Who else is involved in the case?

The ACLU has a lot of support from medical people such as the American College of Medical Genetics, the Association for Molecular Pathology, the American Society for Clinical Pathology, women’s health groups like Breast Cancer Action and the Boston Women’s Health Book Collective (authors of Our Bodies Ourselves), physicians and biomedical scientists and an organization I helped found in 1983, the Council for Responsible Genetics.

What will happen if Myriad wins the case?

Several things will happen. In one way, nothing will change. The process Myriad used to detect BRCA1 and BRCA2 genes has already been surpassed. That is, the scientific community is using different processes now for identifying mutations. We’re going from gene sequencing to using something called SNPs, or single-nucleotide polymorphisms, an analysis that shows whether you have a predisposition to a particular disease by seeing if there are slight changes to nucleotides. Nucleotides are molecules that form the basis of DNA.

But the larger impact could be great, namely how the U.S. Patent Office decides what is natural and therefore unpatentable. My guess is that the court is looking for a principle that distinguishes the discovery of every new mutation from a novel process that incorporates the use of a particular mutation.

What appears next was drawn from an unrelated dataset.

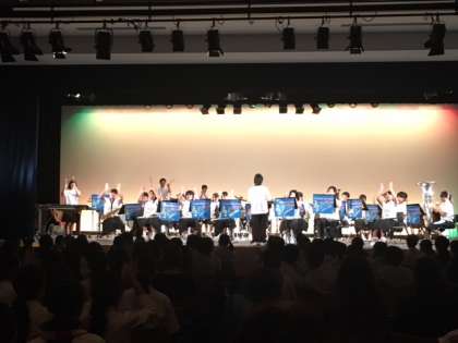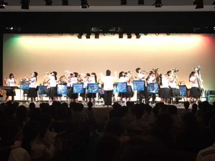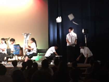 本校吹奏楽部も6番目に出演しました。1曲目はジャズの名曲「Sing Sing Sing」、2曲目はブルゾンM君が男子2人を従えて登場「Dirty Work」の曲にあわせて、ブルゾンちえみばりに笑いをとっていました。3曲目は恋ダンスの「恋」を演奏しました。一部恋ダンスの振りを取り入れるなど、とても楽しい演奏でした。

Will this ruling affect any patents on other living organisms?

A ruling supporting Myriad could impact every new virus discovered and sequenced. If one company had a patent on an important infectious virus, then they too could charge thousands of dollars for a test and restrict other researchers from developing new therapeutic approaches to treating victims of the virus. This outcome could limit the healthy competition among researchers for finding cures or treatments for diseases.